Dive into an unfamiliar codebase from its edges

Struggling with Legacy Code and not enough time to clean it up?
⛑️️ My First Aid Kit can help you rescue any codebase quickly and safely!

Becoming acquainted with a codebase takes time. But how to even begin?

It takes weeks before I feel safe making any change. I don’t know of any way to make the job easy!

Let’s talk about how you approach a legacy codebase.

You probably have some techniques to explore unfamiliar lumps of code. Some tooling maybe. Chances are you don’t have good documentation—legacy code rarely has good documentation.

You also certainly know that communication is key!

Even if the author is long gone, it’s always a great idea to talk to other developers, Product Managers, end-users, etc. When you talk to them, you learn what they know about it. Knowledge is gold. Having different points of view helps.

If you didn’t ask anyone yet, start with that!

Start with an existing feature

One that is related to the change you have to do.

If you’re not sure which feature to start with, go talk to people again. Users are experts on how they use the system. Watch them do so to understand how the system behaves from the outside.

Now that you have a use-case in mind, your goal is to understand how THAT works.

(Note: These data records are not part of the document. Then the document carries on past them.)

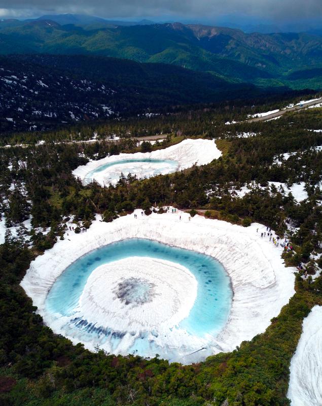 當(dāng)?shù)貢r(shí)間2020年6月8日,日本,在橫跨巖手縣與秋田縣的八幡平山頂附近的“鏡沼”,伴隨著“鏡沼”的積雪從外側(cè)逐漸融化,外圍的碧藍(lán)色湖水與中心部的潔白積雪相映成趣,呈現(xiàn)出獨(dú)特的類(lèi)似“龍眼”的景象。據(jù)悉,八幡平“龍眼”奇景只在每年5月下旬至6月初的雪融期間短暫出現(xiàn)。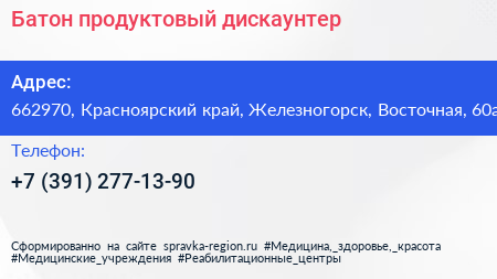 Батон, продуктовый дискаунтер по адресу 662970, Красноярский край, Железногорск, Восточная, 60а в дальнейшем Организация, размещена в следующих категориях:
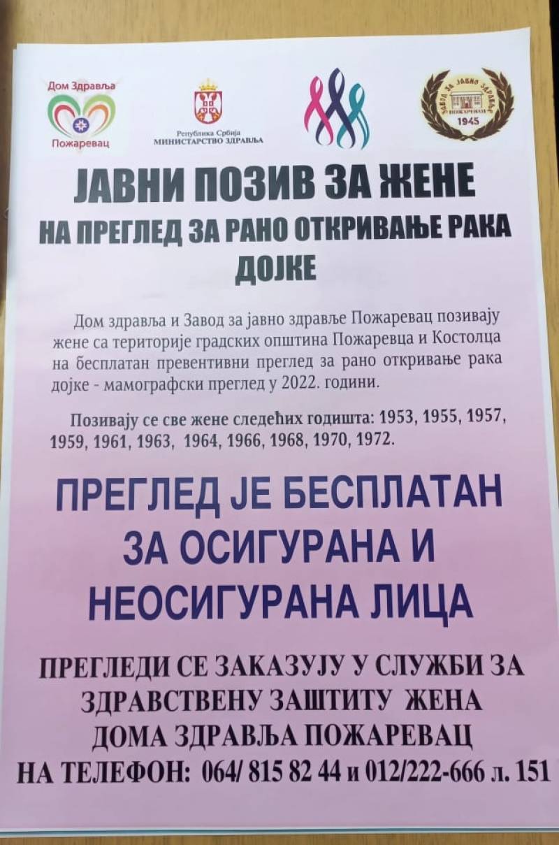 Od januara 2016. otpočeo je organizivani skrining raka dojke za žene starosti od 50 do 69 god čiji ukupan broj na teritoriji Požarevca i Kostolca iznosi 11 256 žena.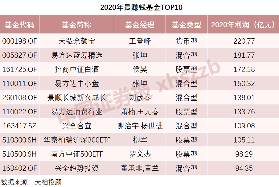 新华社北京4月1日电(中国证券报记者王宇露)公募基金2020年给基民到底赚了多少钱?近2万亿元!首位管理规模超千亿的顶流基金经理张坤,一个人就为基民豪赚400亿元。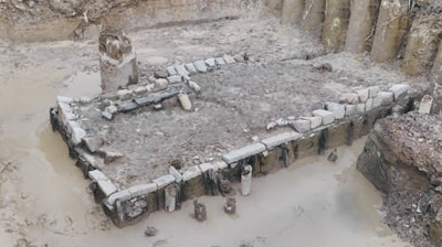 朔門古港遺址位于溫州古城北大門——朔門之外,南依古城,北鄰甌江,東靠海壇山,隔江與江心嶼雙塔遙相呼應(yīng)。2021年10月,溫州望江路下穿隧道施工過程中發(fā)現(xiàn)遺跡線索,工程立即停工。2022年,經(jīng)浙江省文物考古研究所與溫州市文物考古研究所聯(lián)合發(fā)掘,發(fā)現(xiàn)了分別建于宋元和明清的朔門甕城遺跡,實(shí)證千年以來岸線變遷的江堤、橋梁、陡門閘、棧道等建筑遺跡,還有8座宋代碼頭、2艘宋代沉船,以及數(shù)以噸計的宋元瓷片堆積和形式各樣的漆木器等遺物,年代主要集中于宋元時期。800年前溫州古港“城腳千家具舟楫,江心雙塔壓濤波”的繁華景象,重現(xiàn)于人們眼前。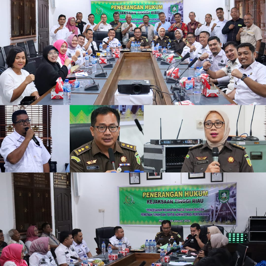 Pekanbaru –  Tim Penerangan Hukum (Penkum) Kejaksaan Tinggi Riau menggelar kegiatan Penerangan Hukum dengan tema “Pencegahan Kejahatan Mafia Tanah Dengan Pemetaan Tanah Dan Tata Tertib Administrasi Pertanahan”, Rabu (24/1/2024) sekira pukul 10.30 Wib di Ruang Rapat Camat Mandau, Kecamatan Mandau, Kabupaten Bengkalis, Provinsi Riau.
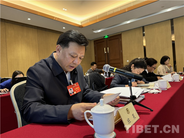 圖為全國政協(xié)委員,青海省委常委、統(tǒng)戰(zhàn)部部長班果在全國兩會(huì)期間參加小組會(huì)議

But if you try to attack the codebase randomly, you’ll be overwhelmed. It’s too big. Too many things are going on.

You need to focus!

And the easiest way to focus is to start from something that you know. Something you can understand.

Attack the system from its edges

You have a use-case in mind. That means you can get a handle on what the input of the system is. Or the output. Something you can see working with your own eyes!

First, find a checkpoint

Say you’re working on Busbud website.

You need to modify some complex logic of the cart module. You’re not familiar with that part of the code.

However, you can see that everything starts when you click on the “Select” button of a departure.

Illustration of clicking on the "select" button

The first thing you can do is searching for the button in the code. How do you find it if you don’t know the codebase? Look for unique things.

In the case of a web application, you have a Graphic User Interface. Thus, you have a text (which is not data). Use it to find the button.

If “Select” yields too many results, look for less common strings:

  • Other text that appears next to the button (e.g. “Details”)
  • HTML tags or class names that seem specific to the element (e.g. departure-card--button)

The button class names

  • Be creative! Busbud is available in other languages. Switch to Dutch. I bet “Selecteer” is quite unique.

Busbud departure card in Dutch

Once you’ve identified the button in the code, you have a checkpoint.

If your editor allows it, create a bookmark so you can return here when you need to.

Here’s my bookmark of the matching code, using VS Code and the Bookmarks extension:

Illustration of VS Code bookmark

Then, follow the data with a debugger

If there is a button, there’s a click handler.

The technique is to follow the code execution to discover more code. You have a checkpoint you understand. Step by step, you’ll make that point bigger.

The best tool for the job is a debugger.

Modern code editors provide a debugger. If you don’t know how to set that up, go search for documentation such as:

They allow you to set a breakpoint in the code. A breakpoint will pause code execution when you reach it, so you can follow.

Once the execution is paused, execute the next step. Do you understand what’s going on?

The way I learn what’s happening is by looking at the data available. As I move step by step through the application, I can see where it goes and how it’s changed.

As you understand more and more code, create new bookmarks. They mark the limit of what you know vs. the rest of the code.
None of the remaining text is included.